→ Task instructions: Working from the listing below, pick each line containing the word "their" and copy it.

-- Dataset content follows --

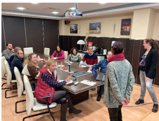
Figure 5 Participants to FERTIMANURE event (Fertinagro BioTech, 2022).
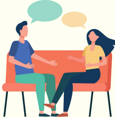
Tú / You
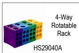
4-Way Rotatable Rack
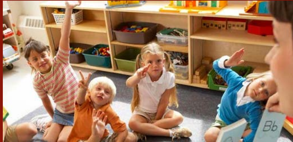
Teacher Education and Childhood Development Studies
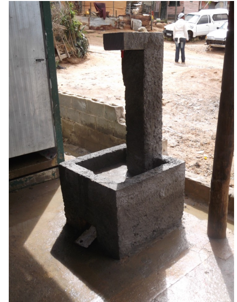
Figure 9: Foot Operated Tap

Adhering to our first and third principles, we involved community members, CORC, and other stakeholders before we drafted our designs. One method of involvement that was especially successful was our visit with Langrug residents and interested stakeholders to MobiSan, a successful urine-divergent, composting toilet system near Cape Town. Prior to the visit,
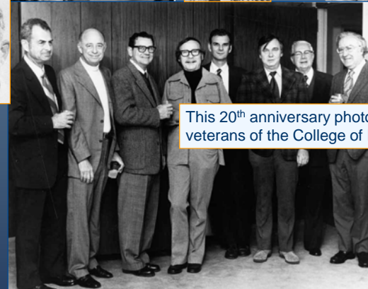
This 20 th anniversary photograph shows 20 year veterans of the College of Medicine.
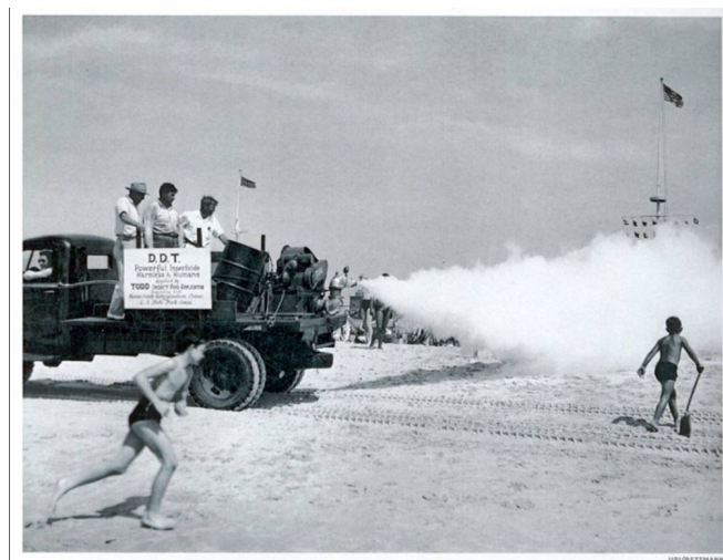
Figure 4. Area-wide DDT application circa 1950.
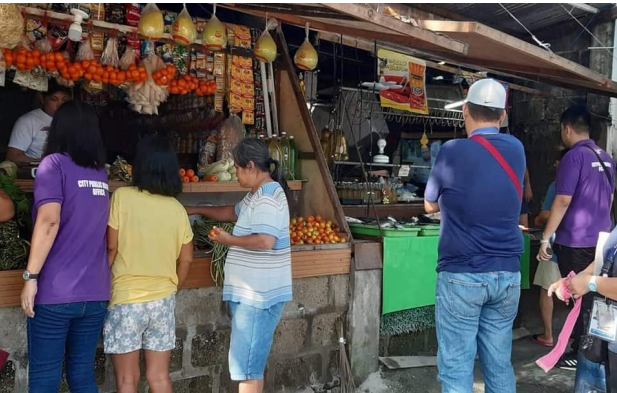
Patuloy ang Operation Timbangan ng Treasury Office at City Public Market Office nitong hlinggo sa Justinville Subdivision Talipapa sa Barangay Panapaan VII, Perpetual Village VII Talipapa sa Barangay Mambog V, at Salinas Urban Talipapa sa Barangay Salinas I.
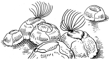
<p>Barnacles (Balanidae) are arthropods that belong to the subphylum Crustacea. These sessile animals live primarily in coastal waters, though some species of barnacle live in deeper regions of the ocean. They use their feather-like appendages to fish for microorganisms and suspended particles.</p> – Jürgen Willbarth / Die Illustratoren
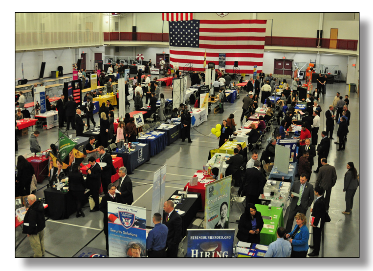
More than 110 veterans looking for jobs got the opportunity to meet with employers at the Hiring Our Heroes job fair held at Rider University March 21, 2013. The Rider student recreation center floor in Lawrenceville was filled with more than 70 employers and 19 veteran service organizations. Veterans can use the Hero To Hired website <a href="https://h2h.jobs/">https://h2h.jobs/</a> to start a job search.

With an annual allocation from DM-HAS of $850,000, CCGNJ works with 35 agencies statewide to provide education and treatment to problem gamblers and maintains a 24-hour confidential hotline, 1-800-GAMBLER and the website <a href="http://www.800gambler.org">http://www.800gambler.org</a> that lists additional resources.
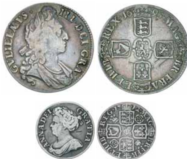
1662* William III , first bust, crown, 1695; Anne , after the Union, fourth bust, shilling, 1712 roses and plumes (S.3470, 3617). Nearly fine; very good. (2) $120
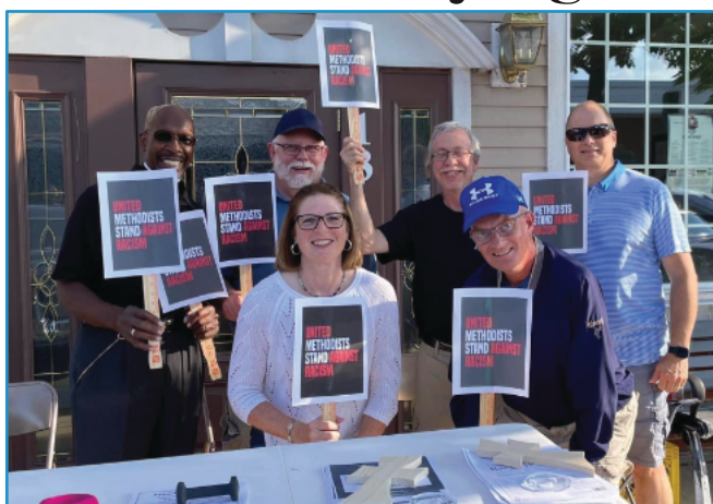
Members at Cary UMC participated in the church's DIY Rally Against Racism event by showing their support at an information table during the Cary Cruise Night event on July 20.

► Find resources at umcnic.org/antiracism .
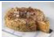
Patisserie Royale Cappuccino Gateau 12Ptn Code:CG Was €17.70 NOW €15.00
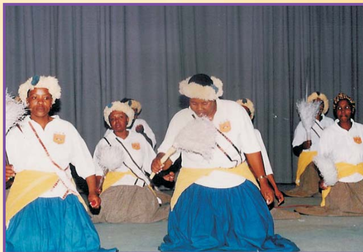
Basotho women cultural dance group (Sholchibo) performing during the closing of 2003 ATPS Workshop, Lesotho
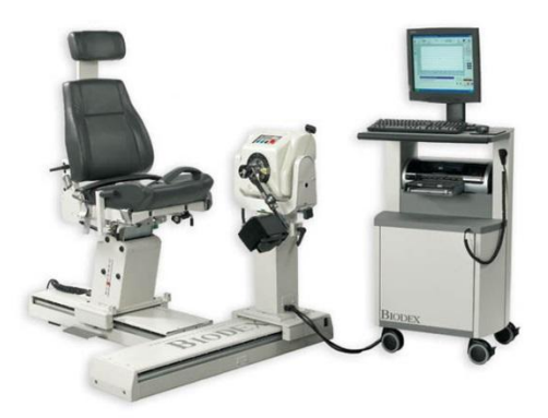
Fig. 4: Biodex System 4 Pro

In recent times, specialist manufactures in oversea have previously offered a line of multi-functional rehabilitation devices (Chen Hao et al. , 2010). For instance, the Proxomed Corporation in Germany has designed a Compass for medical related application in neuro-rehabilitation and orthopedic as well as in sports medicine and geriatric. Hocoma a Switzerland Manufacturers has offered a computerized robotic gait evaluation and training system which can be used for robotic treadmill training of patients with movement troubles (Chen Hao et al. , 2010). The solution of Biodex USA is a Multi-joint System 4 as shown in Fig. 4, an adaptable ergometer that suits the requirements of wellness, sports medicine, cardiac, orthopedic rehabilitation, or general conditioning program. Each one of these devices focuses the complete process from training the patients and assessment. Furthermore, many highly developed technologies in other areas can be applied for rehabilitation training such as 3D motion image capture system and VR technology. It is actually designed for special effects of entertainment or film and motion analysis, but additionally can be used in the gait analysis (Wang Junhua, 2010).
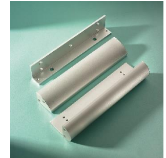
AMH595/ZA Architectural Z&L Bracket to suit Inward Opening Doors
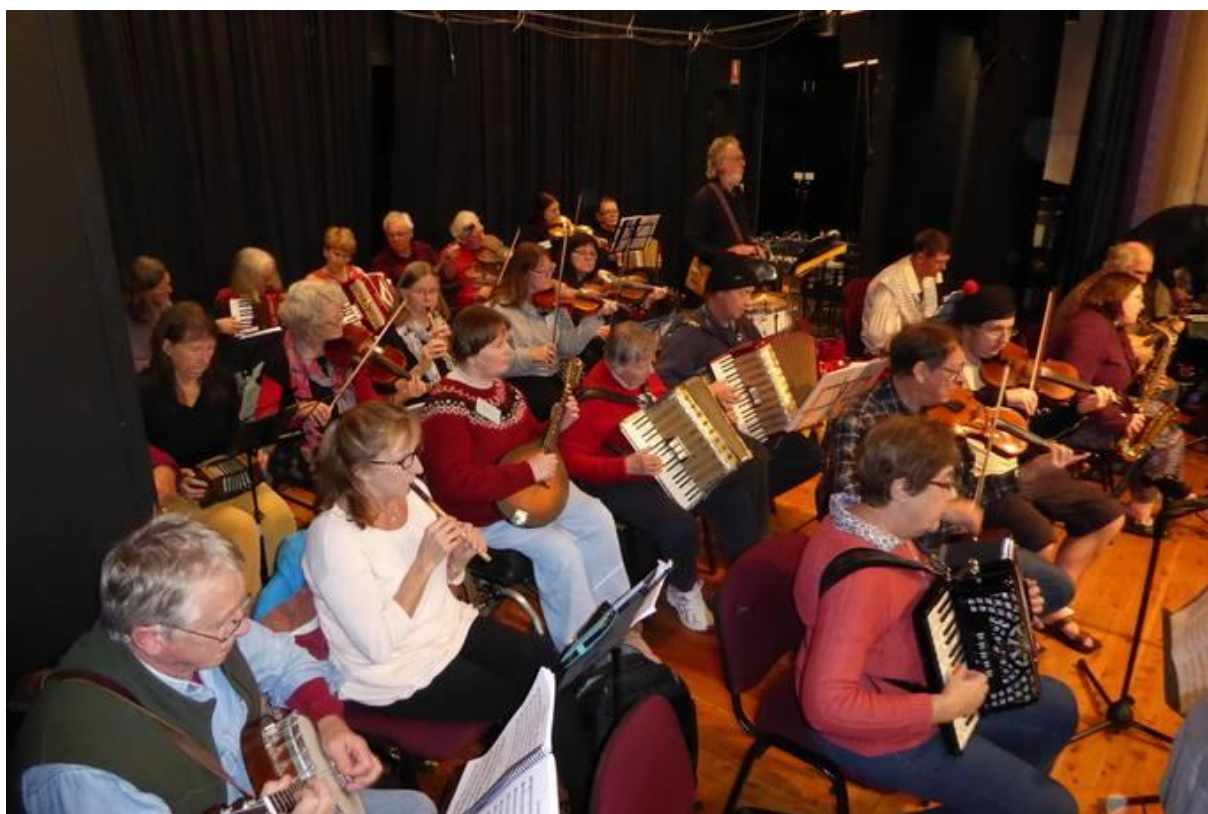
Band playing for the Bundanoon Dancefest Saturday Dance on 10 th June 2017

Monaro Musings, Volume 26, Number 6 – July 2017

-- Dataset content concluded --

→ Solution for this task:
<p>Barnacles (Balanidae) are arthropods that belong to the subphylum Crustacea. These sessile animals live primarily in coastal waters, though some species of barnacle live in deeper regions of the ocean. They use their feather-like appendages to fish for microorganisms and suspended particles.</p> – Jürgen Willbarth / Die Illustratoren
Members at Cary UMC participated in the church's DIY Rally Against Racism event by showing their support at an information table during the Cary Cruise Night event on July 20.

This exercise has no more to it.